Introduction
Workspaces on myDRE typically consist of one or more Virtual Machines (VMs). VMs on myDRE can have two different operating systems (CentOS and Windows Server 2019; Ubuntu coming soon). Moreover, a plethora of software can be installed on VMs. Therefore, sometimes the question arises how much maintenance on the VMs needs to be performed by the local support team (ST) or by anDREa.
We have listed some of the more frequently asked questions regarding VM maintenance below:
Q: How are VMs monitored regarding security vulnerabilities?
At the moment, our monitoring team is monitoring and sending reports to
Azure Log Analytics workspaces. anDREa is working on an improved audit feature after which the tenant can monitor these vulnerability reports themselves.
Q: Are VMs automatically patched with security updates?

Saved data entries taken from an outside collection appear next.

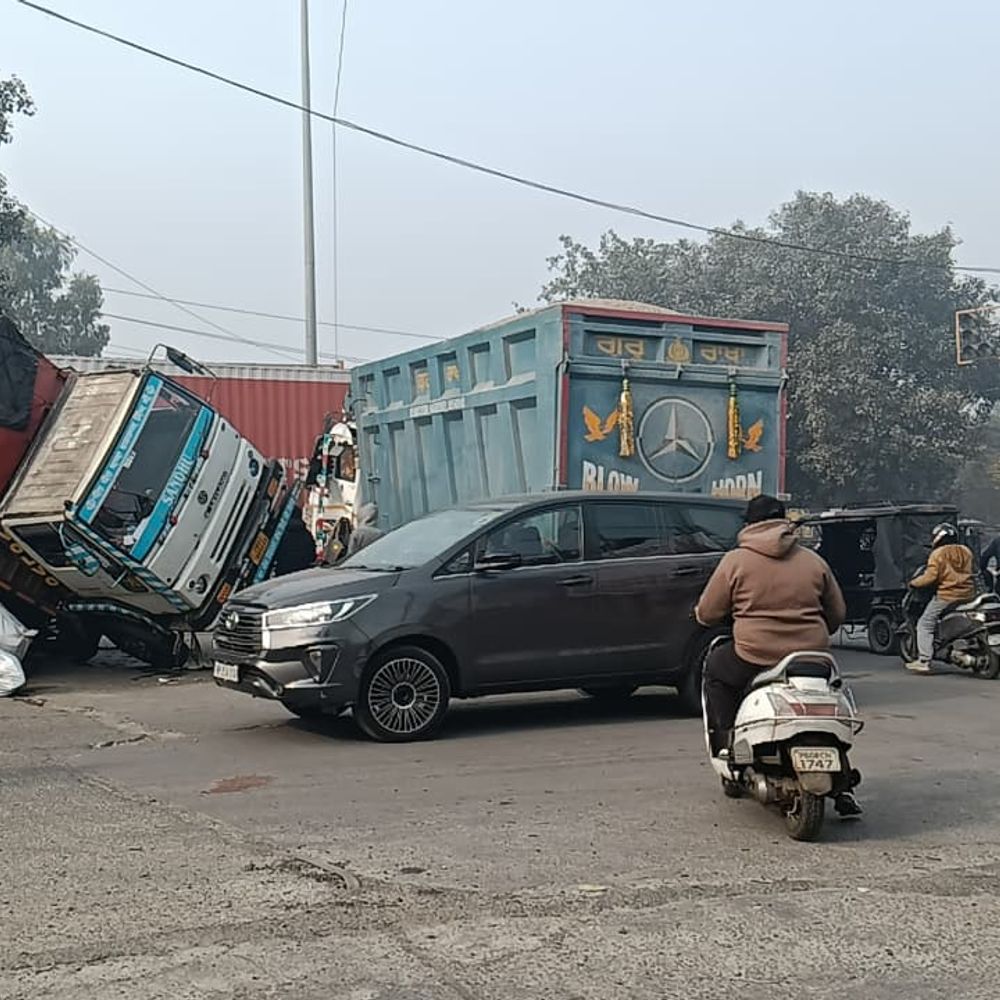 भास्कर न्यूज | जालंधर घने कोहरे का असर अब सड़क हादसों के रूप में सामने आने लगा है। रविवार तड़के पटेल चौक के पास जीरो विजिबिलिटी के चलते दो टिप्परों के बीच भीषण टक्कर हो गई। हादसा थाना डिवीजन नंबर-2 के ठीक सामने हुआ, जहां टक्कर के बाद एक भारी वाहन अनियंत्रित होकर सड़क पर ही पलट गया। जानकारी के अनुसार यह दुर्घटना सुबह करीब 5 बजे हुई, जब पूरा इलाका घने कोहरे की चादर में लिपटा हुआ था। एक टिप्पर पटेल चौक की ओर से आ रहा था, जबकि दूसरा टिप्पर मुड़ रहा था। कम विजिबिलिटी के कारण दोनों वाहन चालक एक-दूसरे को देख नहीं सके और जोरदार टक्कर हो गई। गनीमत यह रही कि इस भीषण हादसे में कोई जानी नुकसान नहीं हुआ। टक्कर के बाद मौके पर अफरा-तफरी मच गई। राहगीरों और पुलिस की तत्परता से दोनों चालकों को सुरक्षित बाहर निकालकर सिविल अस्पताल पहुंचाया गया। डॉक्टरों के मुताबिक चालकों को मामूली चोटें आई थीं और प्राथमिक उपचार के बाद उन्हें छुट्टी दे दी गई। बीच सड़क पर टिप्पर पलटने से कुछ समय के लिए यातायात पूरी तरह बाधित रहा। थाना डिवीजन नंबर-2 की पुलिस ने क्रेन की मदद से वाहनों को सड़क से हटवाकर यातायात सुचारु कराया। प्रशासन ने वाहन चालकों से अपील की है कि कोहरे के दौरान वाहन धीमी गति से चलाएं, फॉग लाइट्स का प्रयोग करें और सुरक्षित दूरी बनाए रखें।
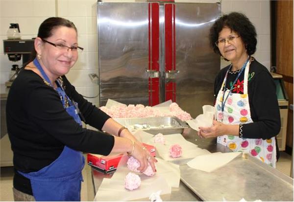 Immediately following the service, a poinsettia drawing will take place for Tribal Elders sponsored by SCIT Public Relations and goodie bags will be distributed to community youth in attendance. Tribal employees Marcella Hadden and Sonja Sowmick are getting ready for the arrival of the Saginaw Chippewa Youth Council as they get ready to assemble Christmas kisses, popcorn balls and other snacks for the Unity Service “goodie bags”. A free community lunch catered by SECR Food & Beverage and sponsored by the local area churches and SCIT Public Relations will round out the festivities.
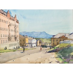 На оборотной стороне сверху слева надпись: «С. Боим/ Улица в Норильске/ (серия «По Енисею») 1966 г».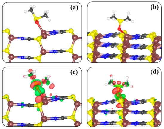 The adsorption of the DMSO on the (100) and (110) surfaces is demonstrated to be characterised by redistribution of charge density in the surface-DMSO systems, as obtained from analysis of the differential charge density ( ρ ) iso-surface contours (Figure 6c,d). ρ = ρ s u r f + D M S O ρ s u r f + ρ D M S O , where ρ s u r f + D M S O ,   ρ s u r f , and ρ D M S O are the charge density of the total surf-DMSO complex, the naked β-CuSCN surface, and the free DMSO molecule as in the relaxed adsorbed configuration. We observe charge density accumulation between the Cu–O bonds, suggesting chemisorption. Bader charge analyses reveal that the net charge transfer from the β-CuSCN surfaces to the DMSO molecule is minimal, calculated to be 0.08 and 0.05 e at the (100) and (110) surfaces, respectively (Table 3). Owing to the small charge transfer to the DMSO molecule upon adsorption, the interatomic bond distances and angles changed marginally, relative to the gas-phase parameters.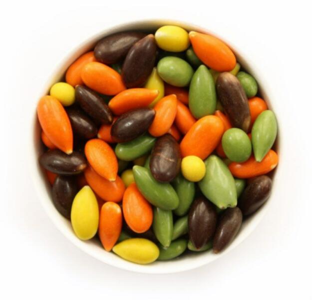 Részletes leírás: A napraforgómagjainkat gondosan válogatjuk és enyhén megpörköljük, hogy megőrizzék természetes ízüket és ropogósságukat. Ezt követően minőségi csokoládéba mártjuk őket, majd vékony, színes cukorbevonattal borítjuk be, amely vonzó megjelenést és édes ízt kölcsönöz nekik. A napraforgómag gazdag vitaminokban, ásványi anyagokban és egészsége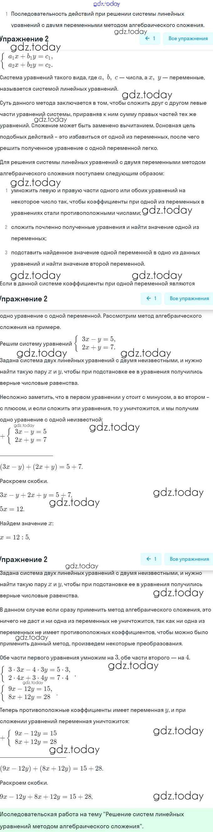 На страницах сайта gdz.today вы найдете учебный и вспомогательный материал, направленный на улучшения знаний школьной программы. ГДЗ - онлайн мир знаний Темы исследовательских работ Решение. Глава 3. Системы двух линейных уравнений с двумя переменными 2 Учебнику по Алгебре для 7 класса Мордкович Базовый уровень Мнемозина 2013
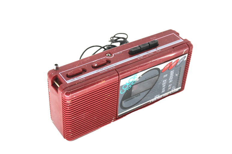 Burgundy Soundesign Color Tunes 4603 radio cassette player with detached power cord.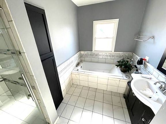 Updated Bungalow can be anything you desire: 1. large family home, 2. business use inside or outside home, 3. two family home. Zoning is ok for all 3 uses. Entrance: Nice front porch has thermopane windows, insulated walls, carpet. Living Room/Dining Room: 2 big rooms with oak floor under carpet, painted walls, open concept to dining room. Kitchen: Snack bar with white cabinets, ceramic tile counter top, glass mullions in cabinets, stove, refrigerator, dishwasher included (trash compactor not functional). Bedroom: Large bedroom was once two rooms, new drywall, ceiling and walls, carpet, closet. Bedroom: Front bedroom has painted walls, window seat, closet. Hardwood under carpet. Bath: Updated with jacuzzi tub, separate shower, white fixtures, white vanity. Luxury! Beauty Shop: Painted walls, laminate floors, huge closet with attic type storage. Patio door from beauty shop opens to gazebo and back yard. Yard totally fenced. This beauty shop can be any small business you want since zoning permits this use. Basement: This finished basement has all this: kitchenette, living room, 3 bedrooms, full bath, laundry room. You can use this as extra income to rent out because it has it's own entrance in front. OR just keep for family to use with extra bedrooms. Versatile space can be what your family needs (rental income or more bedrooms). Other: High efficiency GFA (2 years old), Central Air, 200 amp electrical service, vinyl siding, all replacement windows, separate 2 car garage enters from alley.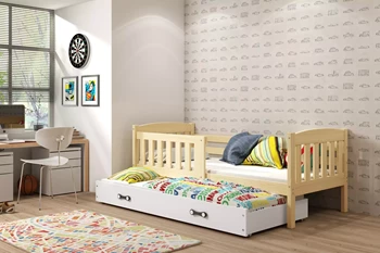 Kihúzható ifjúsági ágy KUBUŚ 90X200 fiókkal, fenyő/fehér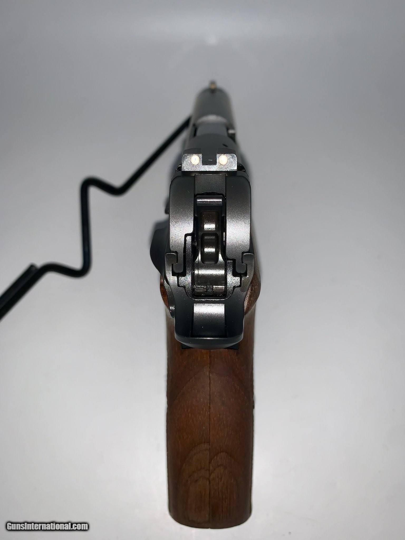 Description: Guns Listing ID: 598515 This is a preowned SIG SAUER P210 in VERY GOOD condition. Comes as pictures. Sig Sauer P-210 Target 9mm Luger 5in Black Nitron Pistol - 8+1 Rounds - The P210 Target takes the precision of its 1947 Swiss predecessor and greets it with new sleek, custom walnut target grips, a precision-machined stainless steel slide and frame, and a lightweight target trigger. Action: Pistol Model: P210 Capacity: 8+1 Barrel Length: 5in Finish: Black Nitron / Stainless Steel Grips: Walnut Sights: Fiber Optic Front / Adjustable Rear Cartridge: 9mm Luger Hand: Right 1025006-TCM Manufacturer: SIG SAUER Model: P210 Caliber Info: 9MM LUGER (9x19 PARA) Condition: Used - Non-Certified Barrels: 5" BARREL Action: SEMI AUTOMATIC Finish: black /w wood stock Price: $1,499.99 Contact Seller |

A: Windows VMs automatically fetch security updates.
In a workspace, Windows VMs (either in base form or template) are domain joined to the mydre.org
Azure Active Directory Domain Services (AADDS) domain. This domain also hosts a
Windows Server Update Service (WSUS) instance that fetches and makes the updates and patches available. It is however important that the VMs are periodically started to be able to fetch and apply the updates. When the VM is started, updates are fetched from the WSUS and users are prompted to update.
At the moment, anDREa does not support automated patching for CentOS VMs. However, these VMs are airgapped and only accessible via a Windows stepping stone or the optional
Azure Bastion feature, which makes the probability of a bad actor reaching the VM very low. anDREa has recently rolled out a proxy, which technically makes it possible to support automated patching for Linux VMs. anDREa will look further into this once Ubuntu is rolled out.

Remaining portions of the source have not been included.